HARDI’s Monthly Targeted and Regional Economic News for Distribution Strategies (TRENDS) Report showed declines in all seven U.S. regions, but each U.S. region ended 2011 in the positive. The opposite was true for Canada which was the only HARDI region to see growth in December, but not enough to pull 2011 to the positive. U.S.-only distributor sales were -12.5% for the month. However, all eight HARDI regions reported higher inventory levels than the same time last year.
“December was a difficult month for distributors, said HARDI economist,Andrew Duguay. “Average sales for the month were 12.2% lower than December of 2010. Eighty percent of distributors reported that their sales in December were lower than last year. The clear cause of the poor year-over-year comparisons is the $1,500 energy efficiency tax credit expiration at the end of last December, causing a boost in sales as people rushed to buy units and claim the credit. December weather was also seasonably mild throughout the majority of the U.S., which may have caused a minor, short-term shifting of consumer habits in heating equipment purchases.”
Days Sales Outstanding (a measure of how quickly customers pay their bills) snapped a four-month decline with very modest improvement this month. Distributor productivity reflected by sales per employee backtracked for the sixth consecutive month down 5% from last month and nearly 30% from its July peak.

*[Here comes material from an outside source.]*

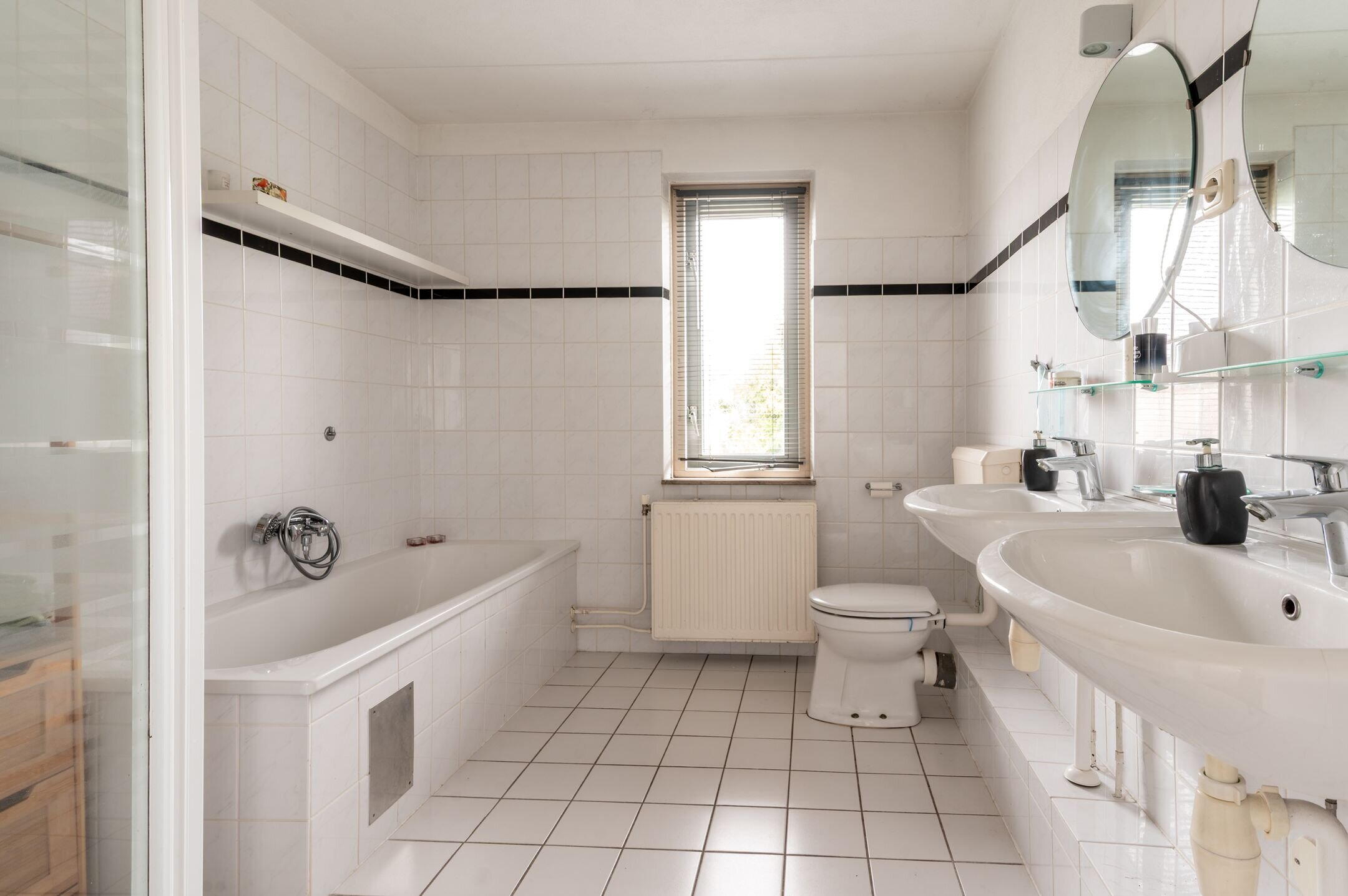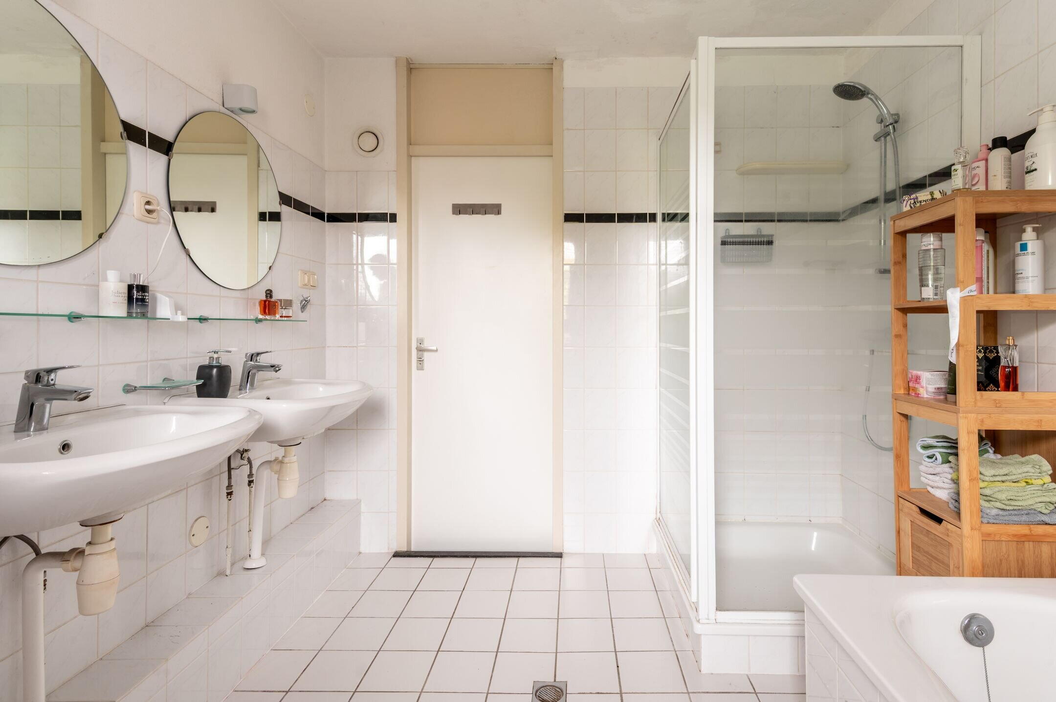 - Douche, dubbele wastafel, ligbad, en toilet
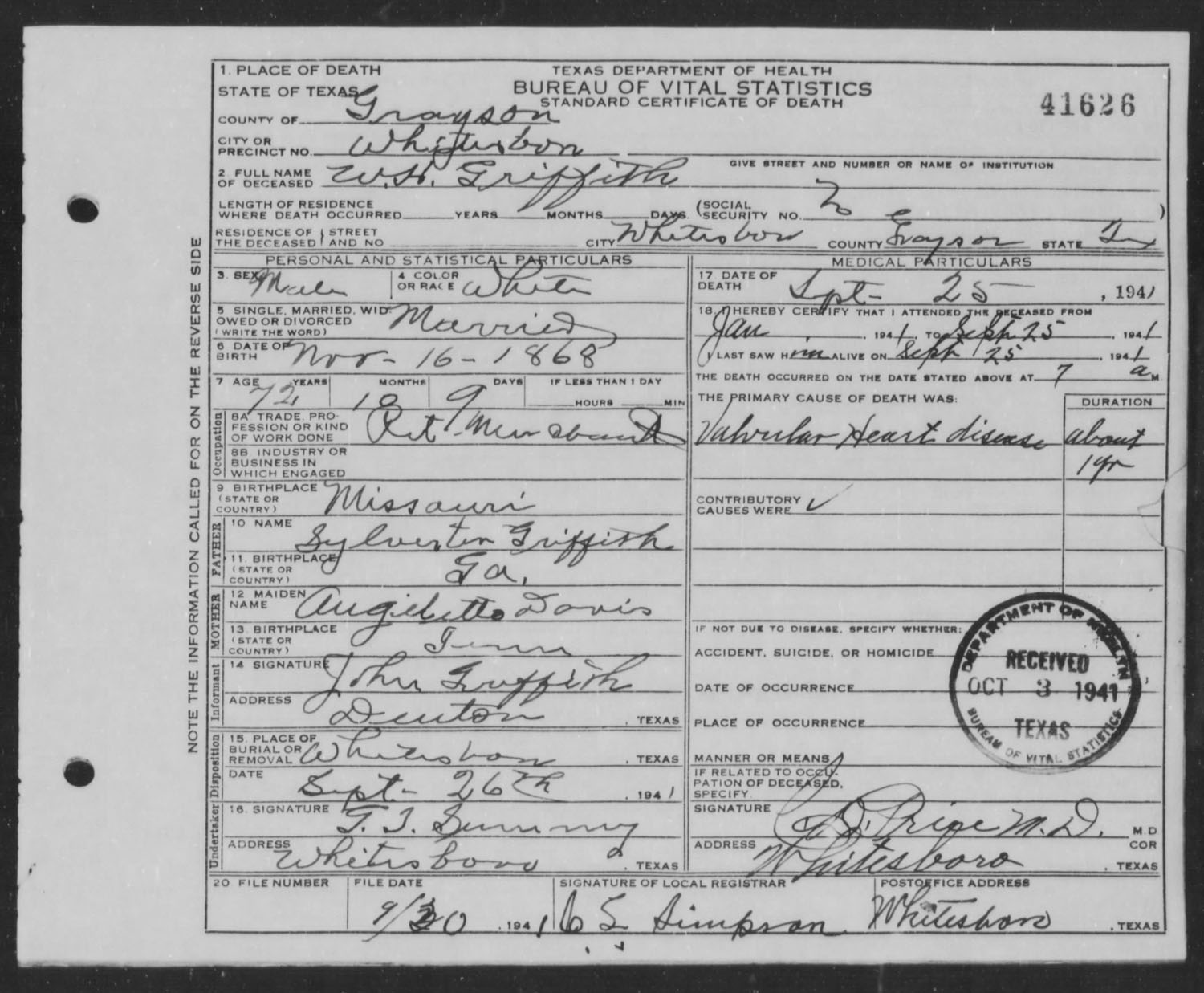 Sylvester Griffith (1845 - 1875)

“Last February we forecasted 5% growth for HARDI distributors in 2011 having already seen nearly across-the-board price increases,” said HARDI Executive Vice President and C.O.O.Talbot Gee. “But unfortunately the market failed to outpace those price increases and ended on a disappointing note. We knew the fourth quarter comparisons were going to be tough, and our average December declines still significantly outperformed the 30+% declines we saw in equipment volumes.”
“Interestingly we did see a sharp decline in R-22 ‘dry-shipped’ unitary volumes steadily throughout the fourth quarter, following a more traditional repair part historical trend, so we’ll have to factor that into our forecasting for 2012.”